- _DATA IN THIS EXERCISE_
▼
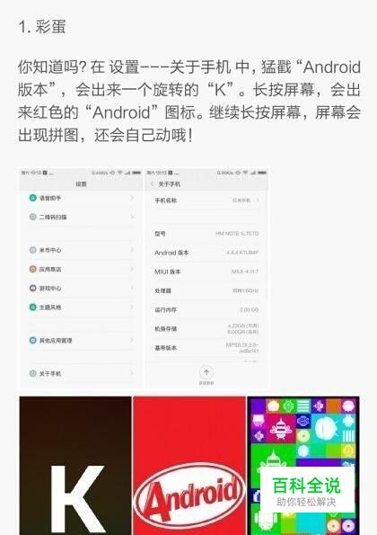 彩蛋功能 你知道吗?在设置中,关于手机中,猛戳“Android版本”,会出现一个旋转的K。长按屏幕会出现一个红色的安卓图标,继续长按会出现拼图功能,还会自己动哦!!
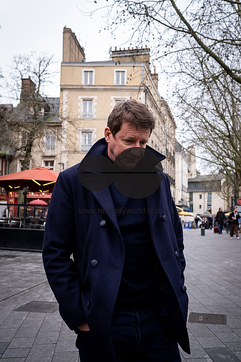 Yannick Jadot, Member of the European Parliament and candidate for the presidential election of the Europe Ecologie Les Verts (EELV) party, in Rennes to hold a meeting on the Place Hoche. Rennes, Brittany. France.
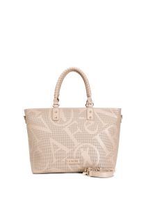 Unlined shopper with all-over laser-printed maxi logo. machined handles. zip closure. inner compartment with zipped pocket. bag with shoulder strap.
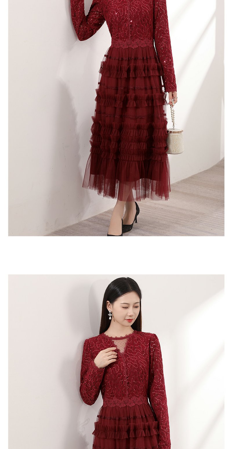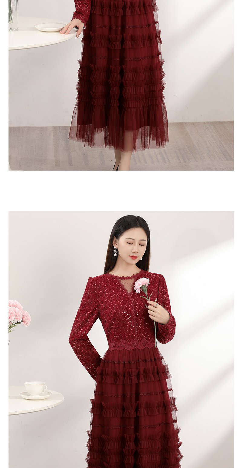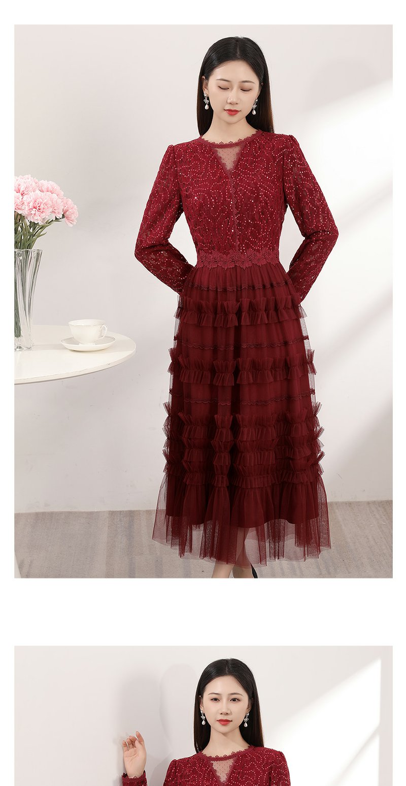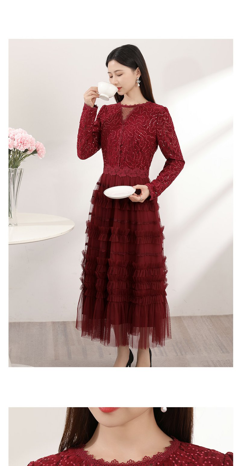 红色蕾丝网纱连衣裙女春季新款女装气质超好看显瘦裙子
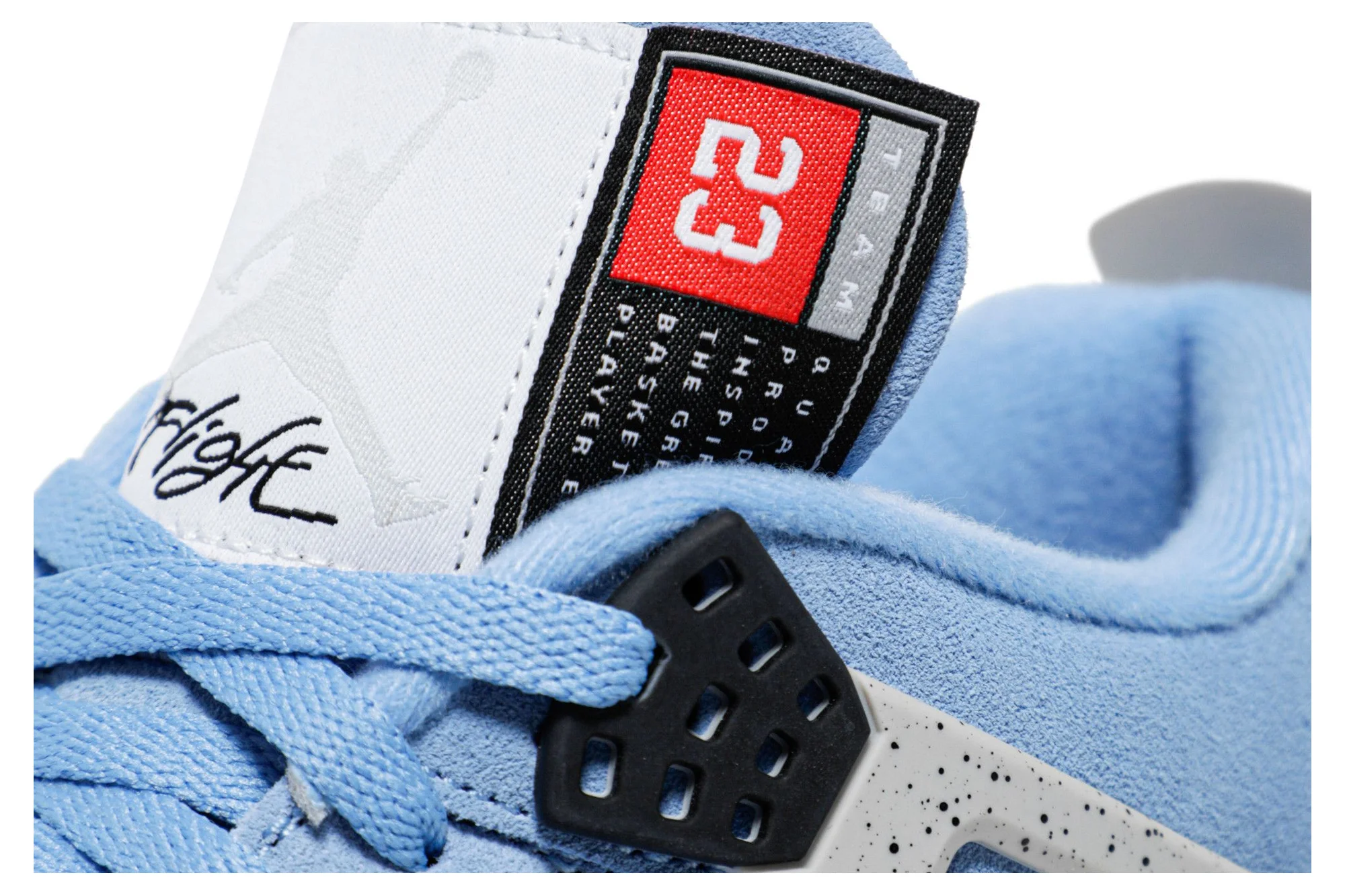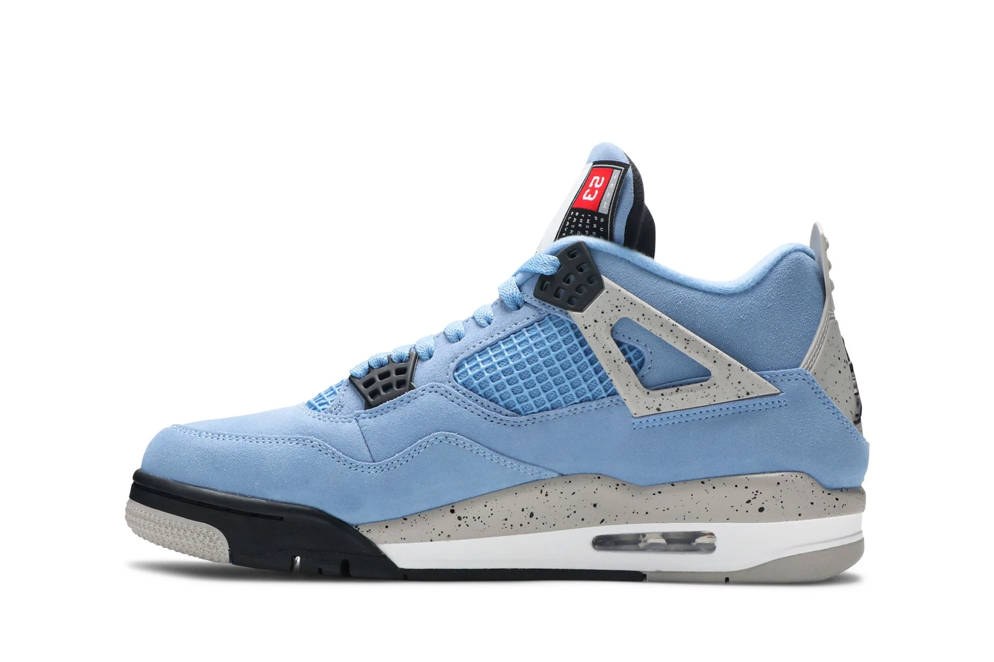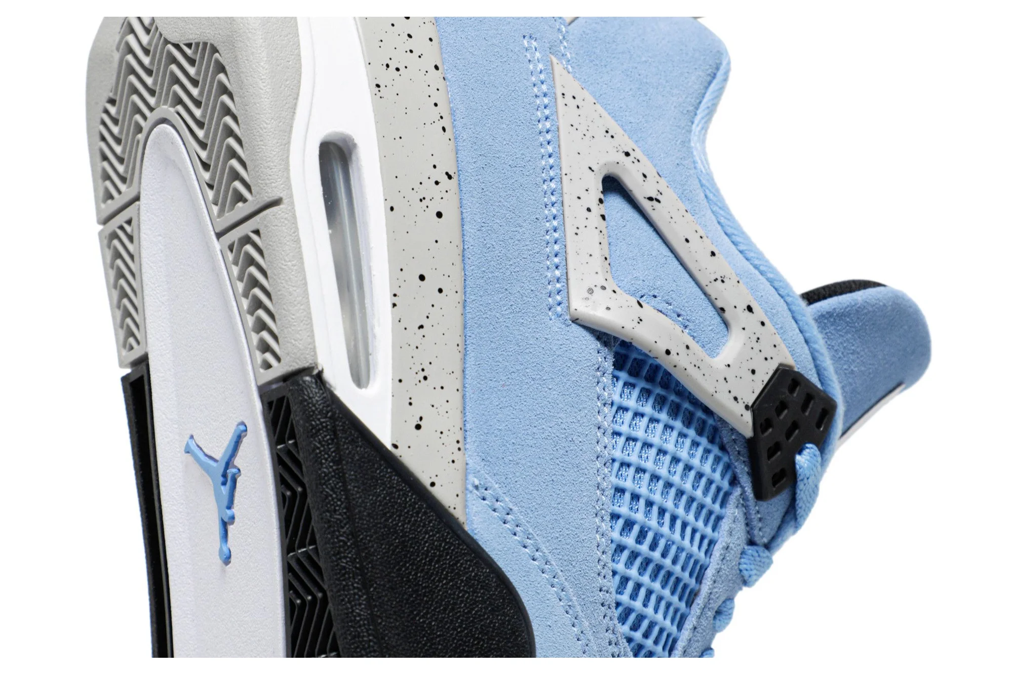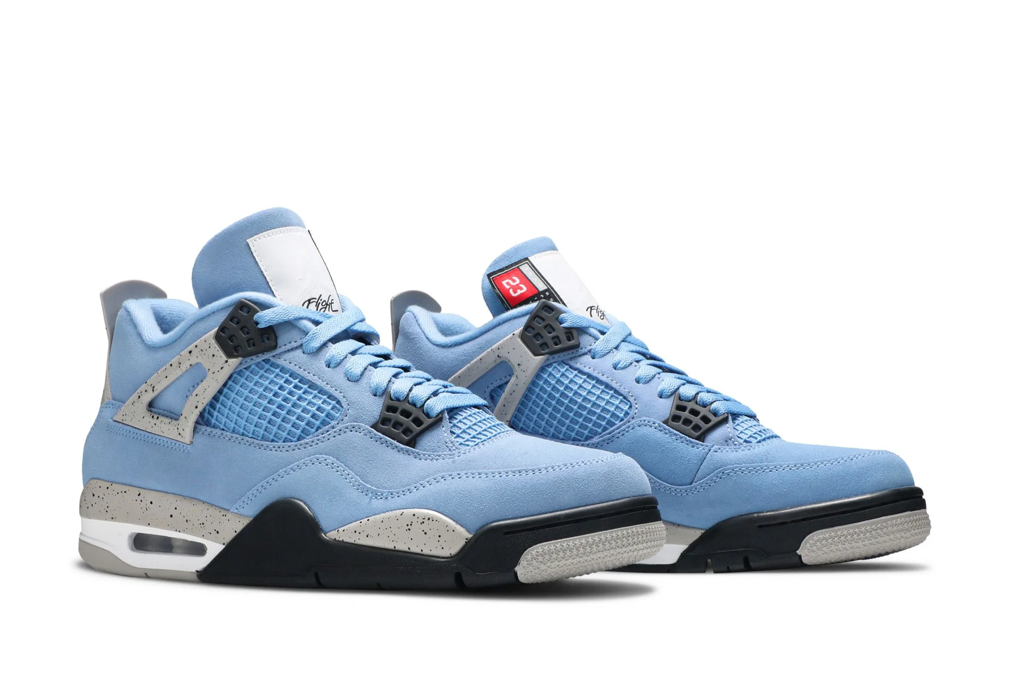 This Air Jordan 4 “University Blue” is dressed in a University Blue, Tech Grey, White, and Black color hue. The premium suede panels, which wrap the toe, heel, and profile, are all dyed the light cool tone, while both the netting and laces match to an exact spec. The labels on the tongue introduce a scarlet tone to the sneaker via a jersey-like label. SKU: CT8527-400 Release Date: 28 Apr ,2021 Color: University Blue/Tech Grey/White/Black
▲
- _TASK STATEMENT_
Every last line above must be reproduced as written, and no pictures belong in the copy.

- _WORKED SOLUTION_
 彩蛋功能 你知道吗?在设置中,关于手机中,猛戳“Android版本”,会出现一个旋转的K。长按屏幕会出现一个红色的安卓图标,继续长按会出现拼图功能,还会自己动哦!!
 Yannick Jadot, Member of the European Parliament and candidate for the presidential election of the Europe Ecologie Les Verts (EELV) party, in Rennes to hold a meeting on the Place Hoche. Rennes, Brittany. France.
 Unlined shopper with all-over laser-printed maxi logo. machined handles. zip closure. inner compartment with zipped pocket. bag with shoulder strap.
 红色蕾丝网纱连衣裙女春季新款女装气质超好看显瘦裙子
 This Air Jordan 4 “University Blue” is dressed in a University Blue, Tech Grey, White, and Black color hue. The premium suede panels, which wrap the toe, heel, and profile, are all dyed the light cool tone, while both the netting and laces match to an exact spec. The labels on the tongue introduce a scarlet tone to the sneaker via a jersey-like label. SKU: CT8527-400 Release Date: 28 Apr ,2021 Color: University Blue/Tech Grey/White/Black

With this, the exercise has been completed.